Decompress input file to /tmp with 7zz, send files to coordinator

Source code in strelka/src/python/strelka/scanners/scan_seven_zip.py
def extract_7zip(
    self, data, tmp_dir, scanner_timeout, expire_at, file_limit, password=""
):
    """Decompress input file to /tmp with 7zz, send files to coordinator"""

    # Check if 7zip package is installed
    if not shutil.which("7zz"):
        self.flags.append("7zip_not_installed_error")
        return

    with tempfile.NamedTemporaryFile(dir=tmp_dir, mode="wb") as tmp_data:
        tmp_data.write(data)
        tmp_data.flush()
        tmp_data.seek(0)

        if not tmp_data:
            self.flags.append("7zip_tmp_error")
            return

        with tempfile.TemporaryDirectory() as tmp_extract:
            if password:
                (stdout, stderr) = subprocess.Popen(
                    [
                        "7zz",
                        "x",
                        tmp_data.name,
                        f"-o{tmp_extract}",
                        f"-p{password}",
                    ],
                    stdout=subprocess.PIPE,
                    stderr=subprocess.PIPE,
                ).communicate(timeout=scanner_timeout)
            else:
                (stdout, stderr) = subprocess.Popen(
                    ["7zz", "x", tmp_data.name, f"-o{tmp_extract}"],
                    stdout=subprocess.PIPE,
                    stderr=subprocess.PIPE,
                ).communicate(timeout=scanner_timeout)

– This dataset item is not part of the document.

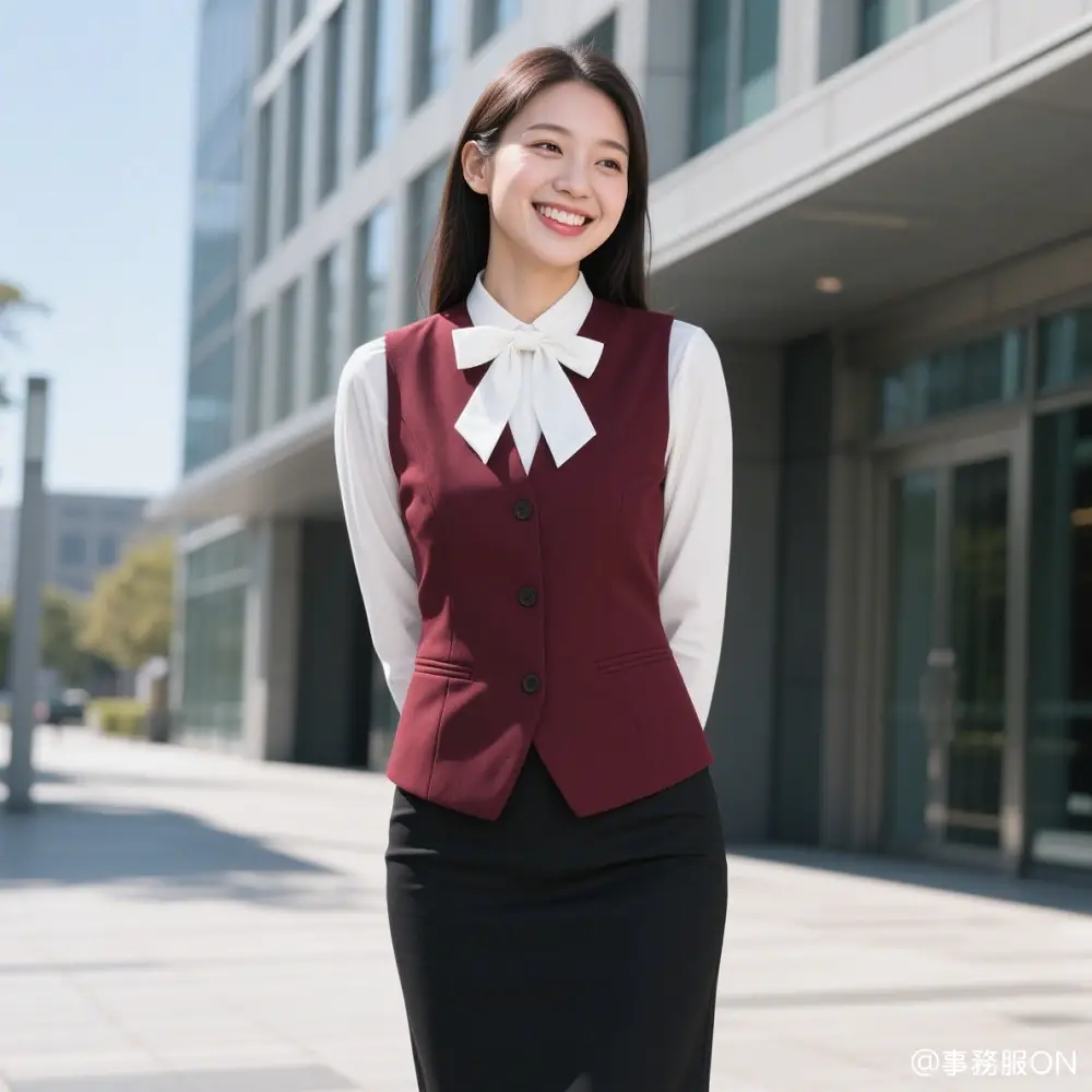 赤の三つボタンのベストに、白のブラウス、黒のスカートを組み合わせた事務服の中では定番のスタイルですが、ベストとスカートを違う色で合わせることで、全体的にオシャレなシルエットに仕上がっています。

            def get_all_items(root, exclude=None):
                """Iterates through filesystem paths"""
                if exclude is None:
                    exclude = []
                for item in root.iterdir():
                    if item.name in exclude:
                        continue
                    yield item
                    if item.is_dir():
                        yield from get_all_items(item)

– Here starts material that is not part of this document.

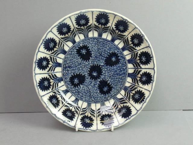 ANTIQUE MINTON ASTOR DESSERT PLATE BLUE AND WHITE 23 CM DIAM. (X3)

            # Iterate over extracted files, except excluded paths
            for name in get_all_items(
                pathlib.Path(tmp_extract), self.EXCLUDED_ROOT_DIRS
            ):
                if not name.is_file():
                    continue

                if self.event["total"]["extracted"] >= file_limit:
                    self.flags.append("file_limit_error")
                    break

                relname = os.path.relpath(name, tmp_extract)
                with open(name, "rb") as extracted_file:
                    # Send extracted file back to Strelka
                    self.emit_file(extracted_file.read(), name=relname)

                self.event["total"]["extracted"] += 1

        if password:
            (stdout, stderr) = subprocess.Popen(
                ["7zz", "l", tmp_data.name, f"-p{password}"],
                stdout=subprocess.PIPE,
                stderr=subprocess.PIPE,
            ).communicate(timeout=scanner_timeout)
        else:
            (stdout, stderr) = subprocess.Popen(
                ["7zz", "l", tmp_data.name],
                stdout=subprocess.PIPE,
                stderr=subprocess.PIPE,
            ).communicate(timeout=scanner_timeout)
        self.parse_7zip_stdout(stdout.decode("utf-8"), file_limit)

parse_7zip_stdout(output_7zip, file_limit)

Parse 7zz output, create metadata

Source code in strelka/src/python/strelka/scanners/scan_seven_zip.py
def parse_7zip_stdout(self, output_7zip, file_limit):
    """Parse 7zz output, create metadata"""

    mode = None

    output_lines = output_7zip.splitlines()

    # 7-Zip (z) 24.09 (x64) : Copyright (c) 1999-2021 Igor Pavlov : 2021-12-26
    regex_7zip_version = re.compile(r"^7-Zip[^\d]+(\d+\.\d+)")

    # --/----
    regex_mode_properties = re.compile(r"^(--|----)$")

    # Comment =
    # regex_property = re.compile(r"^(.+) = (.+)$")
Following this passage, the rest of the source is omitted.